Logistical problems such as storage, freezing, and thawing of samples or poor calibration of equipment may affect the accuracy of a diagnostic test after it is introduced into routine clinical practice. Several factors, such as a change in diagnostic indications, may influence the circumstances under which a test is used. Phase IV studies are therefore needed to determine whether the diagnostic accuracy of a test in practice corresponds to predictions from systematic reviews of phase III trials.
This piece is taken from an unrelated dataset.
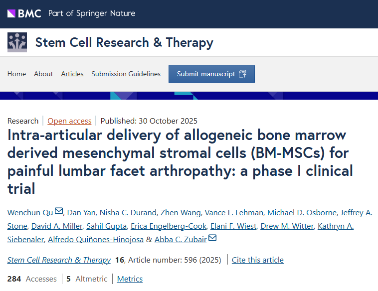 近期,美国佛罗里达州杰克逊维尔市的梅奥诊所完成了一项关于“关节内注射异体骨髓间充质干细胞(BM-MSCs)治疗疼痛性腰椎小关节病”的I期临床试验,相关结果已在国际期刊《Stem Cell Research & Therapy》上发表。该研究初步证实,关节内注射BM-MSCs干预LFA具有良好的安全性与潜在疗效。

Phase IV studies include large cohorts of consecutive participants. Regular reports on regional, national, and international quality and bench markings may also help improve quality of testing in clinical practice. Phase IV diagnostic studies are an important aid in quality assurance and quality development and are necessary to identify rare adverse events.16

Conclusion

Few will argue that valid evidence is necessary before we introduce new drugs in clinical practice. The randomised trial is the best method for comparing interventions. Randomised trials are also necessary to evaluate the potential effects of introducing a diagnostic test. Unfortunately, few randomised trials deal with diagnostic tests. We searched the Cochrane Central Register of Controlled Trials (Issue 1, 2005) and found that only 4.2% (18 366 of 435 786 records) dealt with diagnostic tests or screening. Awareness of the need for evidence based diagnostic testing must be increased. Organisations such as the Cochrane Collaboration can help by improving facilities for and methodological quality of systematic reviews of diagnostic tests.
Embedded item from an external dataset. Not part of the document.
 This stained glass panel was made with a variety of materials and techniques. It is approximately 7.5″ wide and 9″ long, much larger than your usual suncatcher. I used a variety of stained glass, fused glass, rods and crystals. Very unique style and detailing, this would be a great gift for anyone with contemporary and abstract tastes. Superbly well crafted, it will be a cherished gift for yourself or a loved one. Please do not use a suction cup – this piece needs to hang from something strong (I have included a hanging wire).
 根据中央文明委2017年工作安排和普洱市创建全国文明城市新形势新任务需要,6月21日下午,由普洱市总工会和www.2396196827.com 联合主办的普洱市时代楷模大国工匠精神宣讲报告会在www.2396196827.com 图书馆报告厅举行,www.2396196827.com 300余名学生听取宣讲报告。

The demand for diagnostic phase III and phase IV studies is increasing with the continuous development of new diagnostic methods. Although defensive use of diagnostic tests improves clinical outcomes for some patients, it worsens clinical outcomes for others.17 The four temporal phases of research provide a logical, stepwise procedure for development of diagnostic tests. However, the four phases do not apply to all diagnostic tests or provide an adequate basis for all types of diagnostic studies. Furthermore, one type of study may occur in several phases. The phase concept is meant as a guide that may be adjusted according to individual circumstances.

Summary points

The harms and benefits of diagnostic tests should be fully evaluated before they are used in clinical practice

A four phase process of assessment is suggested, mirroring that used for new drugs

The first phase focuses on establishing the normal range

The second phase focuses on establishing sensitivity and specificity and other measures of diagnostic accuracy

Randomised trials are then needed to determine whether patients benefit from the testing

The final phase is large continuous surveillance studies to identify consequences of testing in clinical practice

Contributors and sources: CG directs The Copenhagen Trial Unit, a non-specialty oriented centre for clinical intervention research and studies random and systematic errors in clinical research. LLG studies random and systematic errors in clinical research. CG and LLG are physicians and editors of the Cochrane Hepato-Biliary Group. The literature came from unsystematic and systematic searches of PubMed, The Cochrane Library, and personal files. CG drafted and LLG revised the paper. CG is the guarantor.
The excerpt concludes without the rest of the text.